On 31 January 1944 a group of New Zealand soldiers and Allied specialists carried out a daring reconnaissance of the Japanese-held Green Islands, deep behind enemy lines. The reason for the high-risk venture lay with the overall strategic situation as the year dawned. By late 1943, the forces of Imperial Japan were on the defensive in the Pacific. After victory on Guadalcanal, the Allies had steadily advanced in the Solomon Islands, but the Japanese base at Rabaul on New Britain still menaced Allied progress in the South Pacific.
Operation Cartwheel was designed to neutralize the threat from Rabaul. The Joint Chiefs of Staff wisely had decided not to attack the stronghold directly; a substantial Japanese force was dug into the volcanic rock there and eagerly awaited the chance to repel such an assault. The Allied plan was to encircle Rabaul and neutralize it with air and sea power. This required the seizure of air and naval bases within striking range.
As Commander, South Pacific Area, Admiral William F. Halsey had the main responsibility for dealing with Rabaul. The forces under his command had advanced as far as Bougainville in November 1943. His problem was that he needed to keep the Japanese off balance and to sustain his own pace forward. He intended to take Kavieng, on the northwestern tip of New Ireland, but it required lengthy major preparations that he feared would kill the momentum of the South Pacific drive. So Halsey decided to undertake a lesser invasion. He sought a target within fighter range of Kavieng, with the invading force to be within protective fighter coverage by Allied planes.
To Isles Unknown
The Green Islands fit these requirements and offered the potential to dominate the approaches to Rabaul. Halsey had a further problem, however. Virtually nothing was known about these islands. Feverish efforts were made to get information from missionaries and coastal traders. There was an acute awareness that an amphibious operation required detailed information about tides, Japanese defenses, and beach conditions. Halsey delegated matters to Vice Admiral Theodore S. Wilkinson, an adept practitioner of amphibious warfare. He decided to send a small force of patrol torpedo (PT) boats to the Green Islands to investigate. Nicknamed “the Mosquito Fleet” because of their small size but potent armament, the PT boats seemed ideal for such a covert reconnaissance.
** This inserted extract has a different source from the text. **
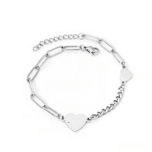 Wholesale Stelluxe Stainless Steel Color PVD Heart Shape Charms Bracelet Big Heart Width-12x11mm, Small Heart Width-8x7mm, Length-18+3cm, Thickness-1mm

PT-176 and PT-184—supported by two modified gunboats, PT-59 and PT-6—of Motor Torpedo Squadron 11 were chosen to carry out the recon. The boats proceeded under cover of darkness on the night of 10–11 January 1944 but ran into foul weather that damaged the gunboats. Nonetheless, the craft struggled on and entered the southern channel of Nissan Atoll. The crews took soundings and confirmed conditions were satisfactory for a landing. Once he received the report, Wilkinson decided to take matters further.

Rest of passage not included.